═══ Records for the task

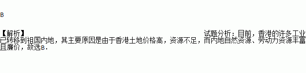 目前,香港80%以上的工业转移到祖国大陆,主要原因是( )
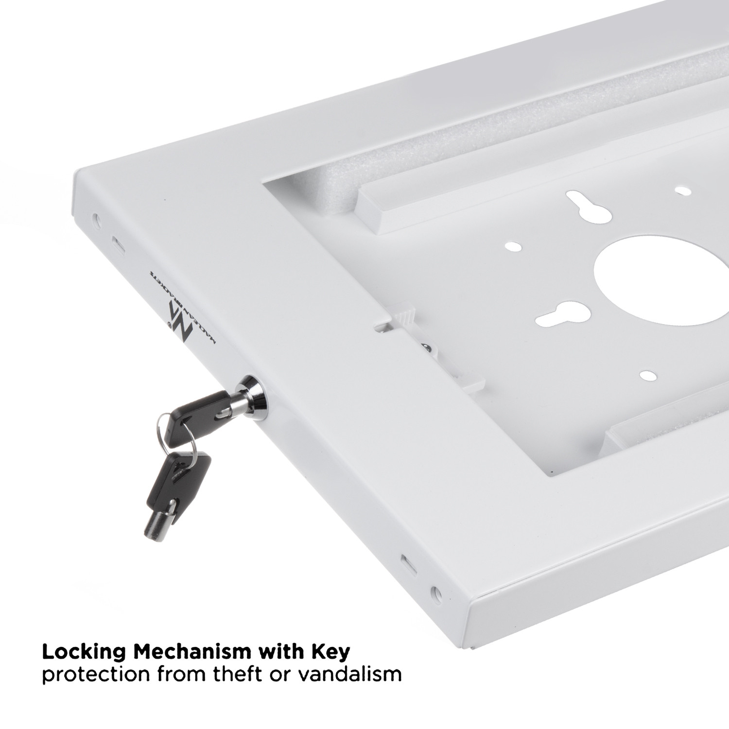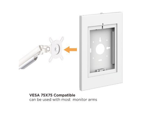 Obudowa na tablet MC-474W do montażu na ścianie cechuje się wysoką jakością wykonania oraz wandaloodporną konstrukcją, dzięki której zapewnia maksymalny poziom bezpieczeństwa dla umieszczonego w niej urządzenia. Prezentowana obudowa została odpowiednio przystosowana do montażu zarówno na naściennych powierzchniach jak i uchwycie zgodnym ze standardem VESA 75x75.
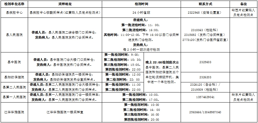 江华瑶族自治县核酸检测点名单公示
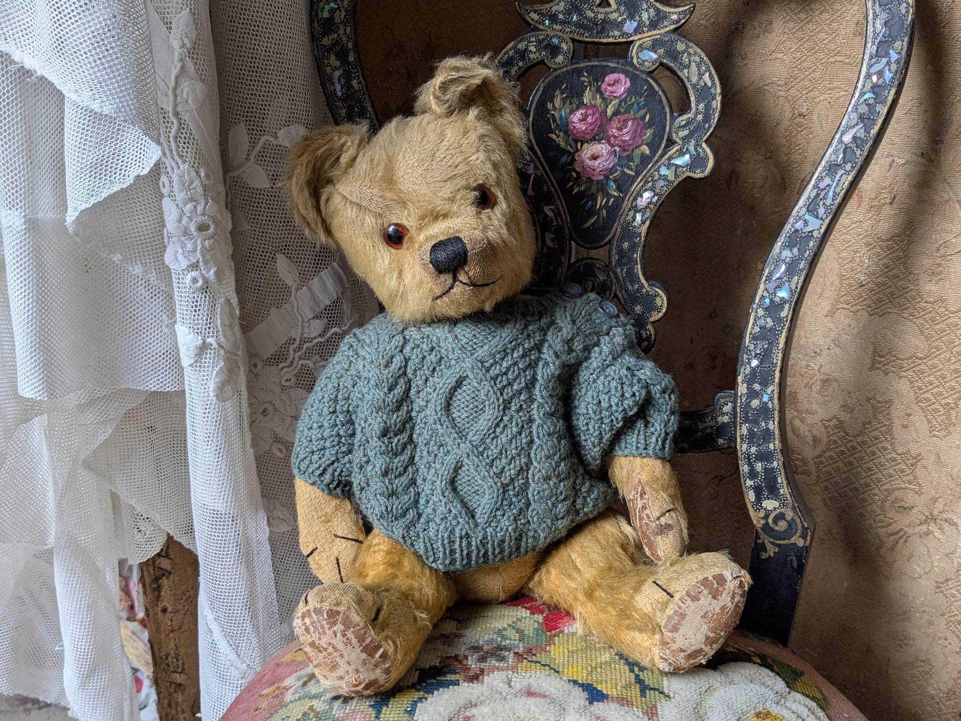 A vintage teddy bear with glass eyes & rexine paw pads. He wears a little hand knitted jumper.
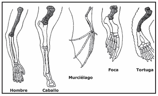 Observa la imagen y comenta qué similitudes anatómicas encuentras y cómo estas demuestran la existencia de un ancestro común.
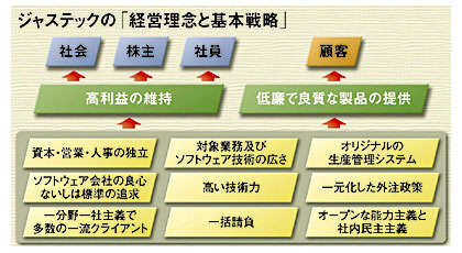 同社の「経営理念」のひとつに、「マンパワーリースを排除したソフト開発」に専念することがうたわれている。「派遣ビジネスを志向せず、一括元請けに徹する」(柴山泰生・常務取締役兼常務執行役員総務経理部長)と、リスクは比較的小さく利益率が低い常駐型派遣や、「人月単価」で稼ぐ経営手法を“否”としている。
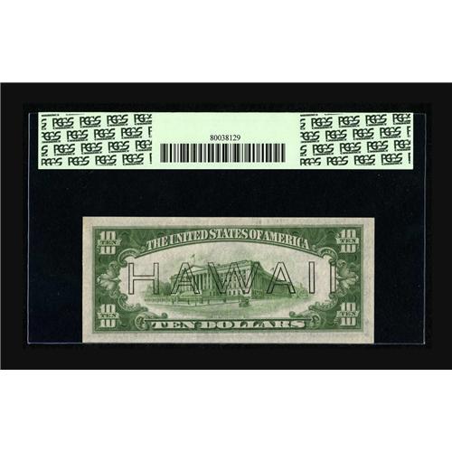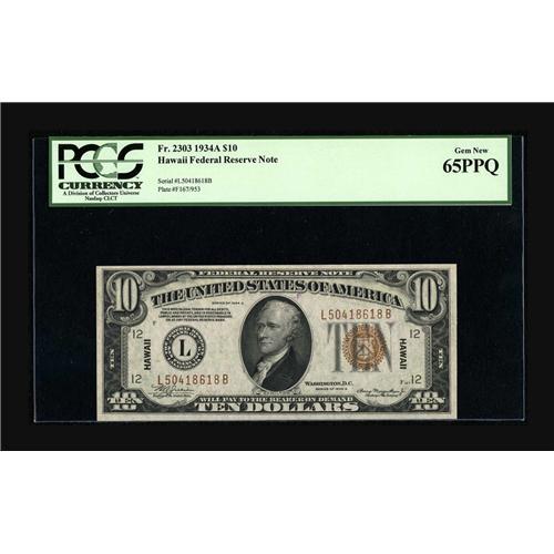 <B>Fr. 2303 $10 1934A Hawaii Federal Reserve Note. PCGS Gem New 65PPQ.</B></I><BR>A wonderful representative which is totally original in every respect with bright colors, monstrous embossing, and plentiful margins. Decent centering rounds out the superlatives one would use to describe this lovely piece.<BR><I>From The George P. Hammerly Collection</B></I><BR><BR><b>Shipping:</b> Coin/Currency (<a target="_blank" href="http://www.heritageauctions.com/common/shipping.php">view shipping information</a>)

══════
═══ Records for the task

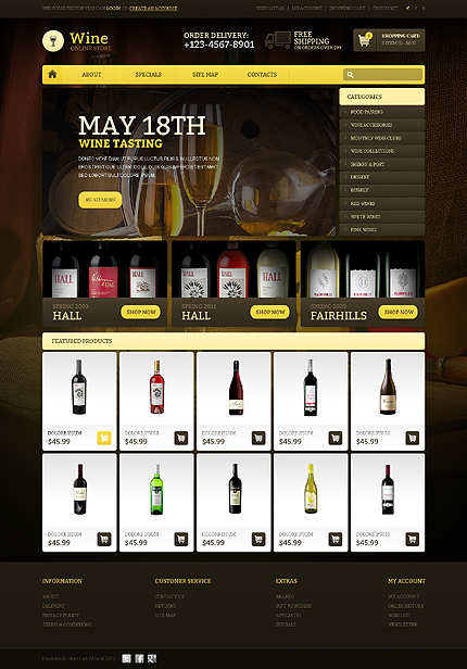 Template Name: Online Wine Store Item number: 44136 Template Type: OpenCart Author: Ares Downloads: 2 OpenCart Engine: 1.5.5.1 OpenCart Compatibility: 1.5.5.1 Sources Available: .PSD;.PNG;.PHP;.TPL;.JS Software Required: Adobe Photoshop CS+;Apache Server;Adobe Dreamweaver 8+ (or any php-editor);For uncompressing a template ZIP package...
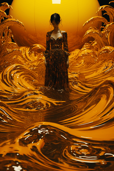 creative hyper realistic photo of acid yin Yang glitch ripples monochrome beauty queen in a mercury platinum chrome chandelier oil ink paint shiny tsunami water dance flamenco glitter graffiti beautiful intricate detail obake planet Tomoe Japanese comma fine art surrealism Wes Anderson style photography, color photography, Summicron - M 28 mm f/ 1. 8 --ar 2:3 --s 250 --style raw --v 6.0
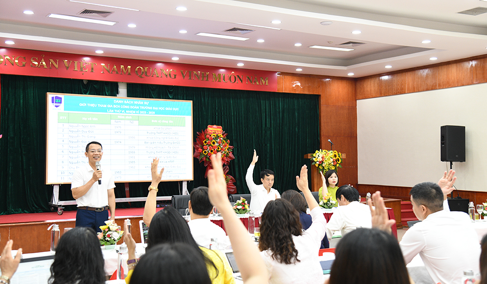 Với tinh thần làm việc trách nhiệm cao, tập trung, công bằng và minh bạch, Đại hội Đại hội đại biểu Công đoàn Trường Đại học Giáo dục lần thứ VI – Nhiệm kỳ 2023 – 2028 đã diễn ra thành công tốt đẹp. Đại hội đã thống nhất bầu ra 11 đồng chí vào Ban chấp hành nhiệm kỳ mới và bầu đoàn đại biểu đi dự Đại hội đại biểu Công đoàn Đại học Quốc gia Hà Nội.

══════

**Your goal:** Using the listing above, repeat word for word each line from the one with "江华瑶族自治县核酸检测点名单公示" down to the one with "Observa la imagen", both included. Omit all pictures.

**Solution for this task:**
 江华瑶族自治县核酸检测点名单公示
 A vintage teddy bear with glass eyes & rexine paw pads. He wears a little hand knitted jumper.
 Observa la imagen y comenta qué similitudes anatómicas encuentras y cómo estas demuestran la existencia de un ancestro común.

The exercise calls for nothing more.